Таким образом, следует перевернуть экзистенциалистский трюизм, согласно которому, пока мы вовлечены в текущий исторический процесс, мы находим в нем множество возможностей и вольны делать из них свой выбор, но тот же самый процесс выглядит полностью детерминированным и принудительным, закрытым для альтернатив, когда мы воспринимаем его ретроактивно: напротив, вовлеченные в процесс люди думают, что угодили в ловушку Судьбы, и просто реагируют на происходящее, тогда как, заняв ретроактивную позицию, мы можем разглядеть в прошлом альтернативные возможности развития событий. (И разве тот факт, что теология предопределения легитимировала бурное развитие капитализма, не подтверждает всю силу этого парадокса?) Именно так Дюпюи предлагает противодействовать катастрофе: вначале мы должны отнестись к ней как к нашей судьбе, как к неизбежности, а затем спроецировать себя на нее, стать на ее позицию, чтобы ретроактивно поместить в ее прошлое (прошлое будущего) контрфактические возможности («если бы мы сделали то и это, катастрофа, которую мы сейчас переживаем, не произошла бы!»), в силу которых мы действуем сегодня.

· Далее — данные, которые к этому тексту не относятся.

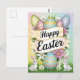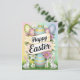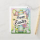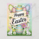 This image conveys a sweet and simple Easter greeting. "Happy Easter" is written on decorative banners amidst a pastel background. Scattered around are colourful eggs, flowers, and a pair of white bunnies, creating a delicate and festive scene.

И разве переход от классического исторического материализма к «диалектике Просвещения» Адорно и Хоркхаймера не является в высшей степени показательным как пример отрицания положительной судьбы? В то время как классический марксизм предписывал нам жить и действовать во имя приближения необходимости (коммунизма). Адорно и Хоркхаймер спроецировали себя на конечный катастрофический результат, который они воспринимали как неизбежный (возникновение «администрируемого общества» тотального манипулирования и конец субъективности), чтобы потребовать от нас действовать против этого результата в нашем настоящем.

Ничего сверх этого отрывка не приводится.